───── RECORD EXTRACTS ─────

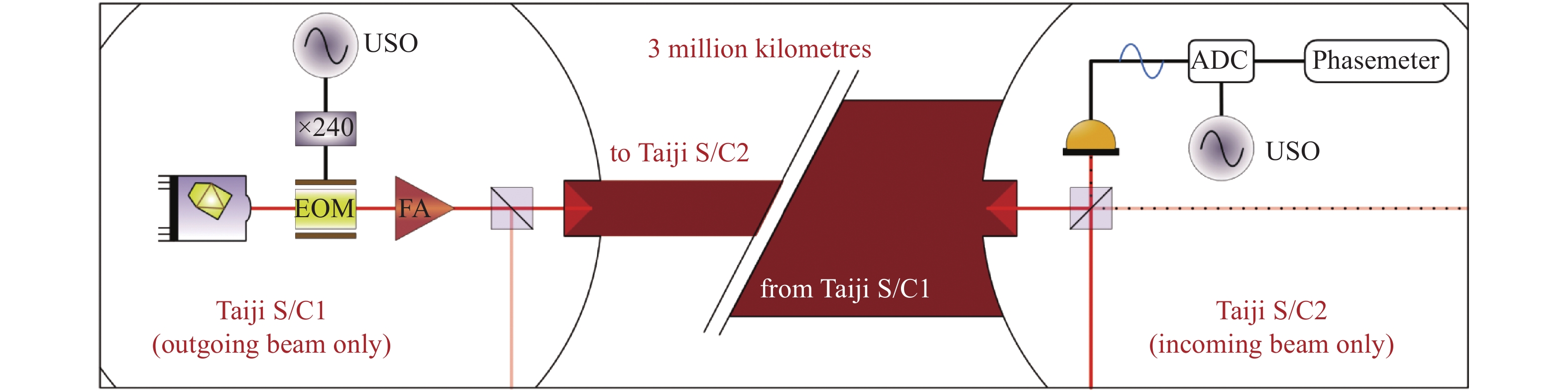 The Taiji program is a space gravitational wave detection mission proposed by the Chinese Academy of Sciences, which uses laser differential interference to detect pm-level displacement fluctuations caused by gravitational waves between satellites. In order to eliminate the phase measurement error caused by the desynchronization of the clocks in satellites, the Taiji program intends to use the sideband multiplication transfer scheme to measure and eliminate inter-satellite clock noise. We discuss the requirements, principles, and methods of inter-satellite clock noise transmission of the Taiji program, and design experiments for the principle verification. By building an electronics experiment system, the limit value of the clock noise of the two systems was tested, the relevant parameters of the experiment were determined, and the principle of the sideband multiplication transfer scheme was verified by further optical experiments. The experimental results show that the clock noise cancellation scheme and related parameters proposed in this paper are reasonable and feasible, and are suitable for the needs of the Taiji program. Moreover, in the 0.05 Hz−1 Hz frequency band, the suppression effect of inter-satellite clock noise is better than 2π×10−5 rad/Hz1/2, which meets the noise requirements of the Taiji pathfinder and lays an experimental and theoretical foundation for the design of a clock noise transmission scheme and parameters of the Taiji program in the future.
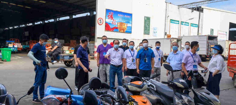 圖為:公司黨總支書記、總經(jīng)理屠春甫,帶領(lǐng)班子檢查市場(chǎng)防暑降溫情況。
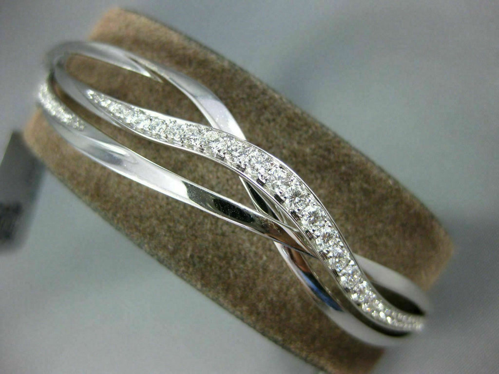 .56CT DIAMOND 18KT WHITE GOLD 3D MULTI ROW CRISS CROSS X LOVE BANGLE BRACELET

─────
───── RECORD EXTRACTS ─────

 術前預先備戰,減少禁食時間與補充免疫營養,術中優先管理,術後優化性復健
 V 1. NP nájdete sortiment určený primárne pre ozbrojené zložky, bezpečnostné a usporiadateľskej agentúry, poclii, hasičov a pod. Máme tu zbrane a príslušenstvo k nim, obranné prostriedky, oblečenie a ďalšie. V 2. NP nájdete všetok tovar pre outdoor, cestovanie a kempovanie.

─────
───── RECORD EXTRACTS ─────

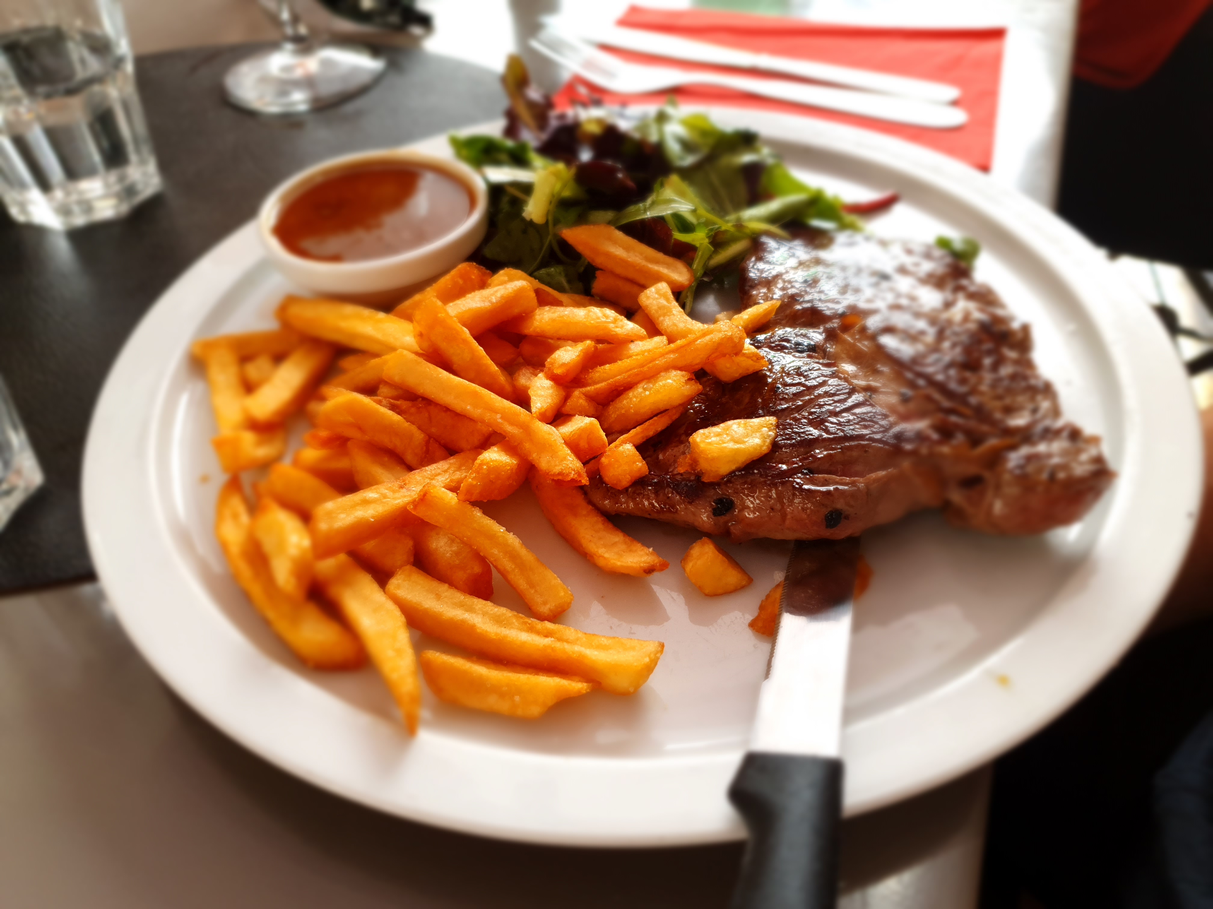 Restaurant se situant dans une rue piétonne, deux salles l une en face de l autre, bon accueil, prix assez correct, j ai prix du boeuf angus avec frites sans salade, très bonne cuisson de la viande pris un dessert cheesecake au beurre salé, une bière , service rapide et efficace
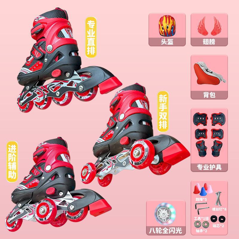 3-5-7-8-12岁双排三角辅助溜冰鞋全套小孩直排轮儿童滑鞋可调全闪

─────

## DIRECTIONS FOR THIS TASK
Using the records above, print exactly the run of lines that starts with the line with "Restaurant se situant" and goes on through the line with "3-5-7-8-12岁双排三角辅助溜冰鞋全套小孩直排轮儿童滑鞋可调全闪", pictures excluded.

## OUTPUT OF THE EXERCISE
 Restaurant se situant dans une rue piétonne, deux salles l une en face de l autre, bon accueil, prix assez correct, j ai prix du boeuf angus avec frites sans salade, très bonne cuisson de la viande pris un dessert cheesecake au beurre salé, une bière , service rapide et efficace
 3-5-7-8-12岁双排三角辅助溜冰鞋全套小孩直排轮儿童滑鞋可调全闪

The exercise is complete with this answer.